About this exercise: Exactly as they appear, write the lines from the one containing "Monrow Black and‎" to the final line of the entries, leaving pictures out.

Data for this task:
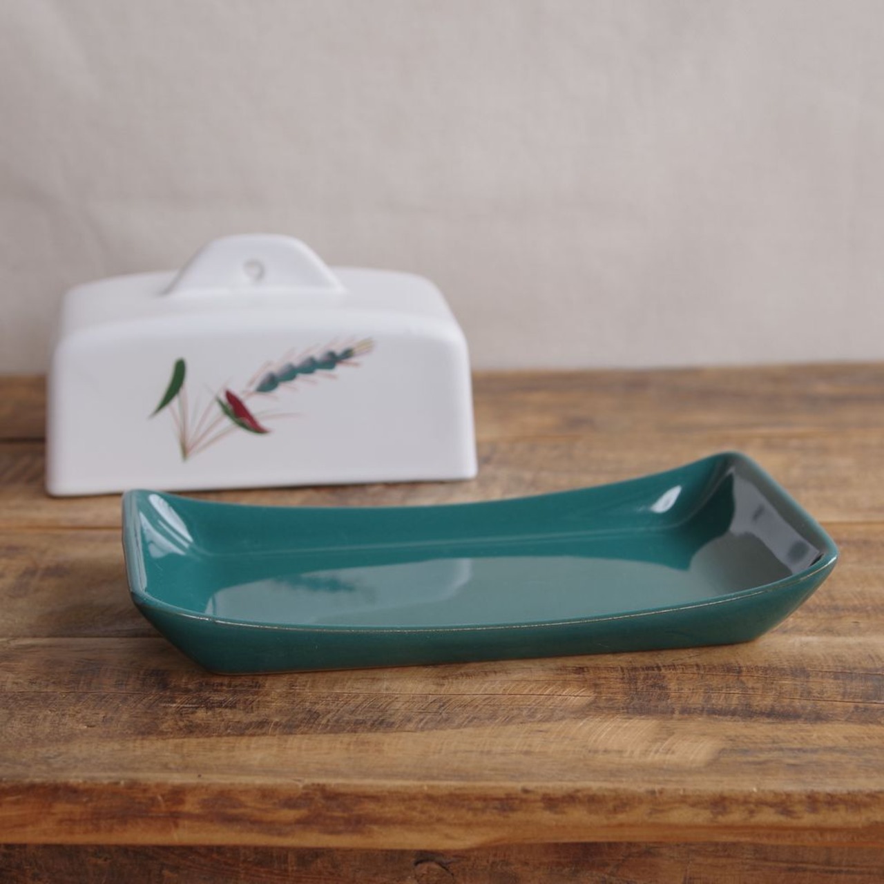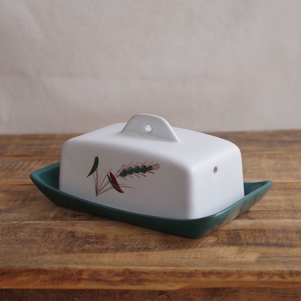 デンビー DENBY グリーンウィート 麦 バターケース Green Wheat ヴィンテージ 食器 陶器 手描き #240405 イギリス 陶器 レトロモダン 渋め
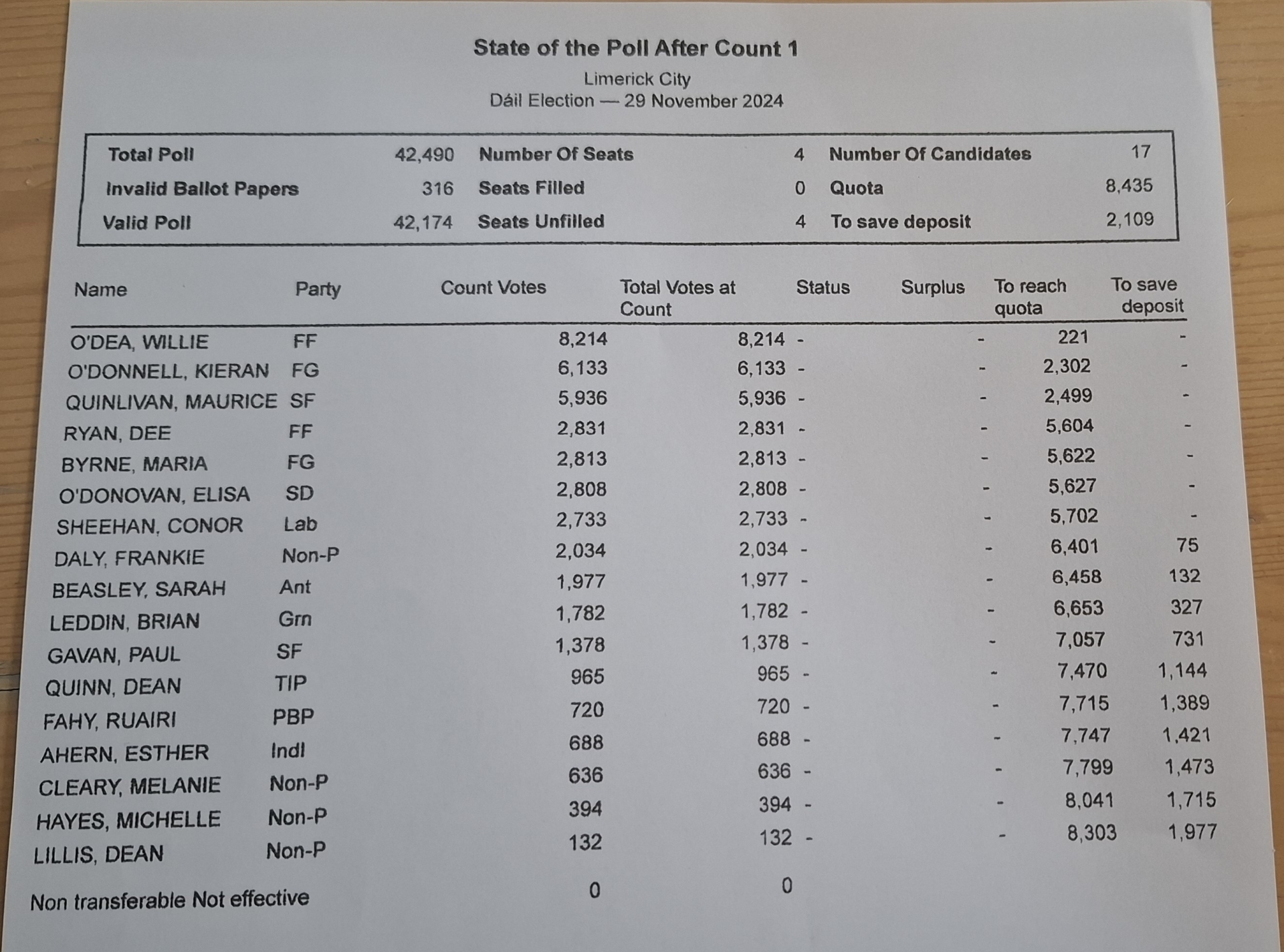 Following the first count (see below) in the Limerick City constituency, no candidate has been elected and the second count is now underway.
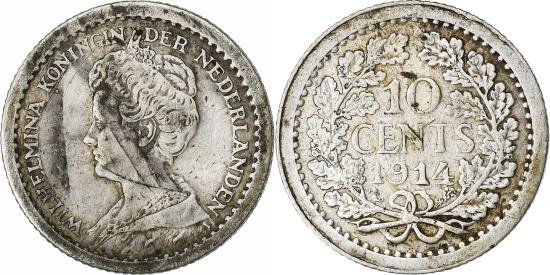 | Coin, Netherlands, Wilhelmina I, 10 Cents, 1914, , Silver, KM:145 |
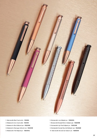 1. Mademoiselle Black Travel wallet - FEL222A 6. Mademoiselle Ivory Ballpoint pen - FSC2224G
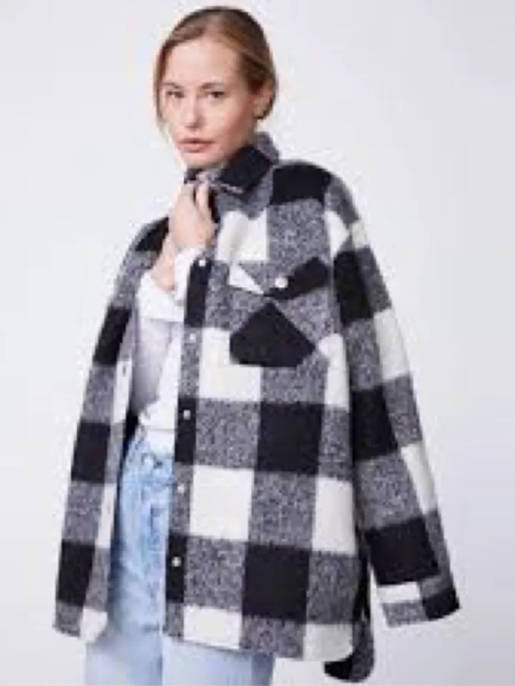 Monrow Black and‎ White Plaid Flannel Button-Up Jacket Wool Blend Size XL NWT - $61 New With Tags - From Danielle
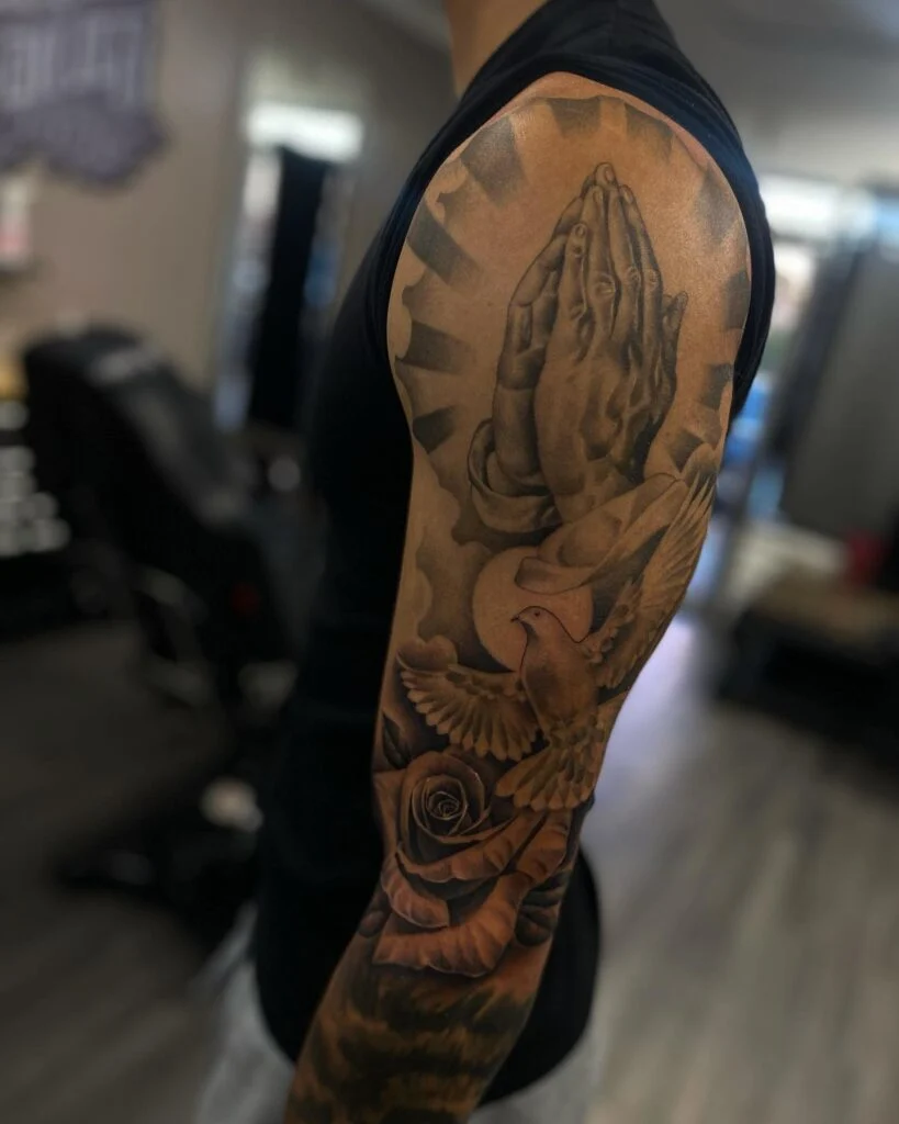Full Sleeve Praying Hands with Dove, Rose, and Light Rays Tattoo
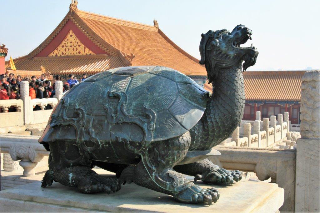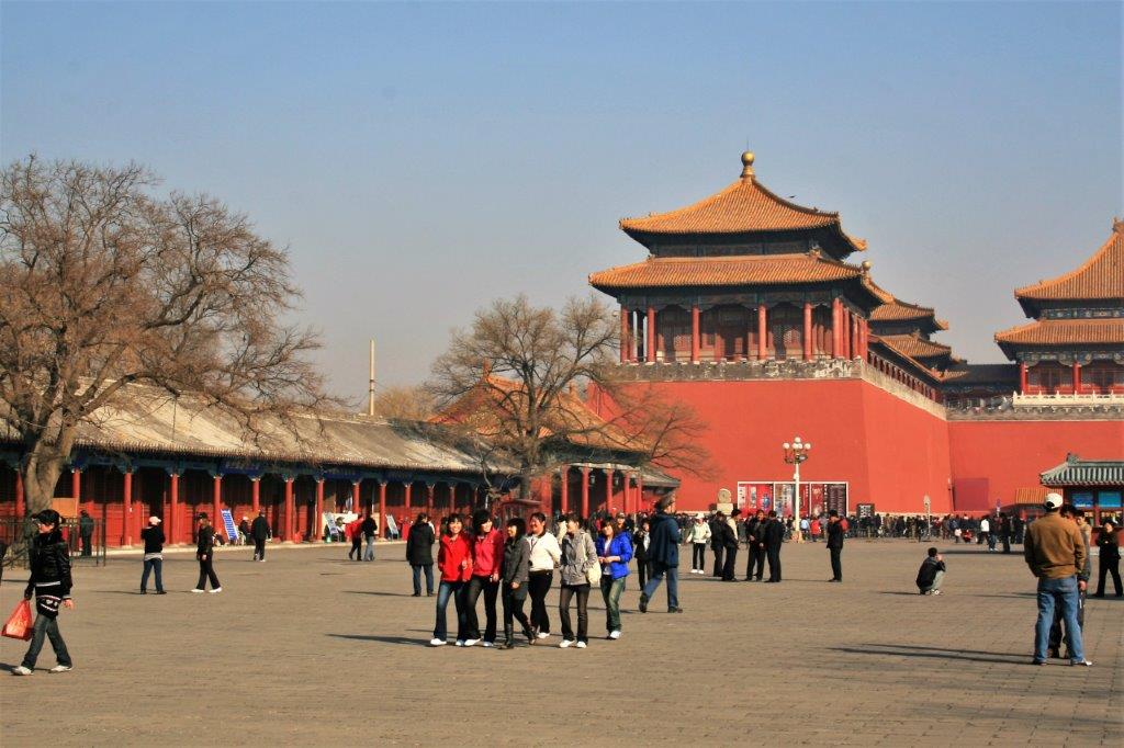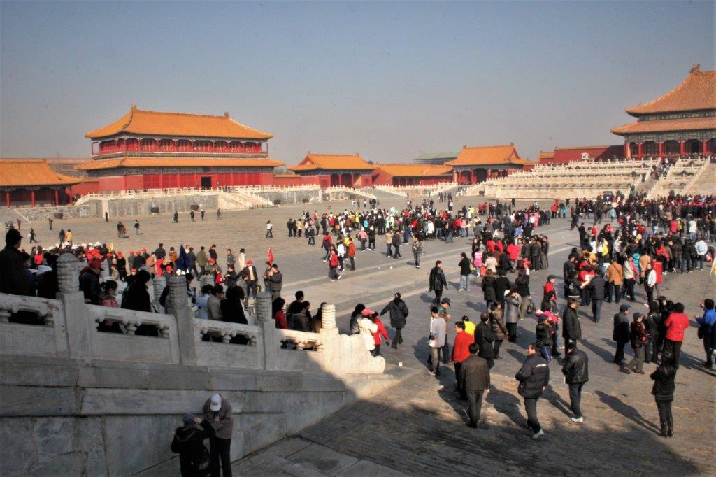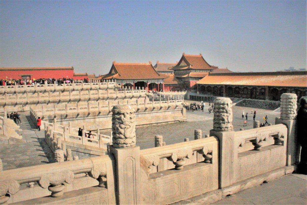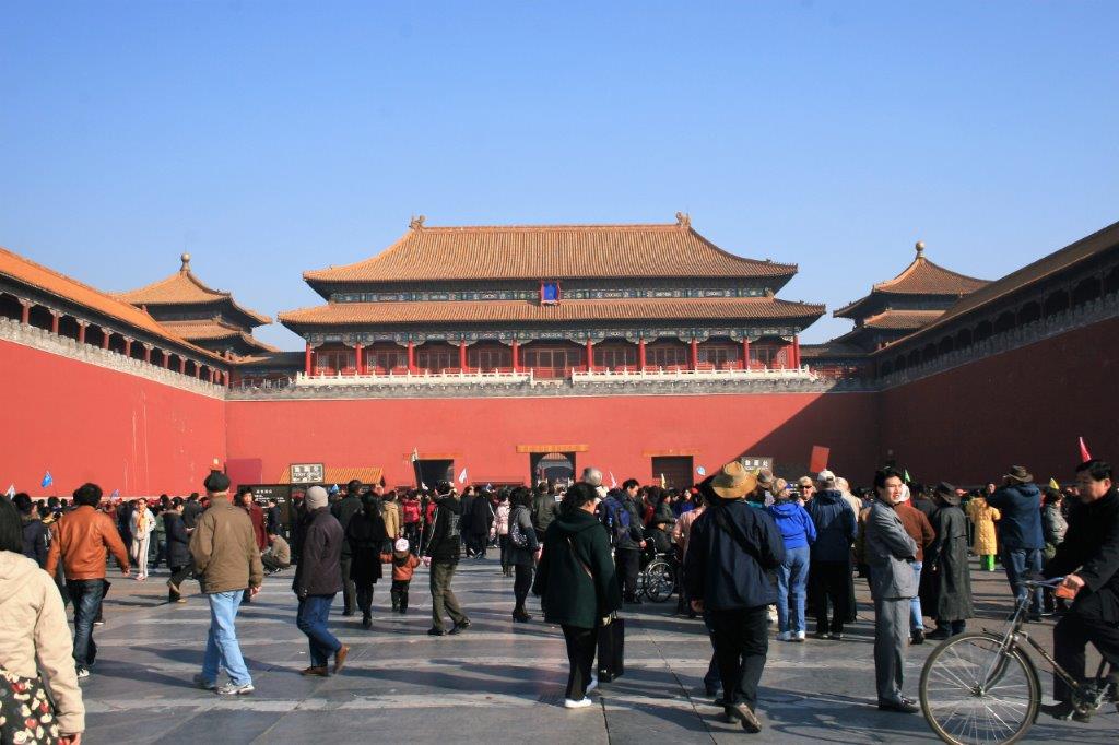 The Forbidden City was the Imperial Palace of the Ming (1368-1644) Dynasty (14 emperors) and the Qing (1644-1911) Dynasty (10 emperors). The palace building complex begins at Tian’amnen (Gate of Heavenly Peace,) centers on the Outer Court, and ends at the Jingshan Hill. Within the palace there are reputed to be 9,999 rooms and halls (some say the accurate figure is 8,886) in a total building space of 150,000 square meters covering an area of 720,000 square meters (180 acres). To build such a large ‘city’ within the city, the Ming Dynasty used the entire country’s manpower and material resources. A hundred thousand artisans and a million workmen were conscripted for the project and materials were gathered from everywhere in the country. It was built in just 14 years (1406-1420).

Your solution:
 Monrow Black and‎ White Plaid Flannel Button-Up Jacket Wool Blend Size XL NWT - $61 New With Tags - From Danielle
Full Sleeve Praying Hands with Dove, Rose, and Light Rays Tattoo
 The Forbidden City was the Imperial Palace of the Ming (1368-1644) Dynasty (14 emperors) and the Qing (1644-1911) Dynasty (10 emperors). The palace building complex begins at Tian’amnen (Gate of Heavenly Peace,) centers on the Outer Court, and ends at the Jingshan Hill. Within the palace there are reputed to be 9,999 rooms and halls (some say the accurate figure is 8,886) in a total building space of 150,000 square meters covering an area of 720,000 square meters (180 acres). To build such a large ‘city’ within the city, the Ming Dynasty used the entire country’s manpower and material resources. A hundred thousand artisans and a million workmen were conscripted for the project and materials were gathered from everywhere in the country. It was built in just 14 years (1406-1420).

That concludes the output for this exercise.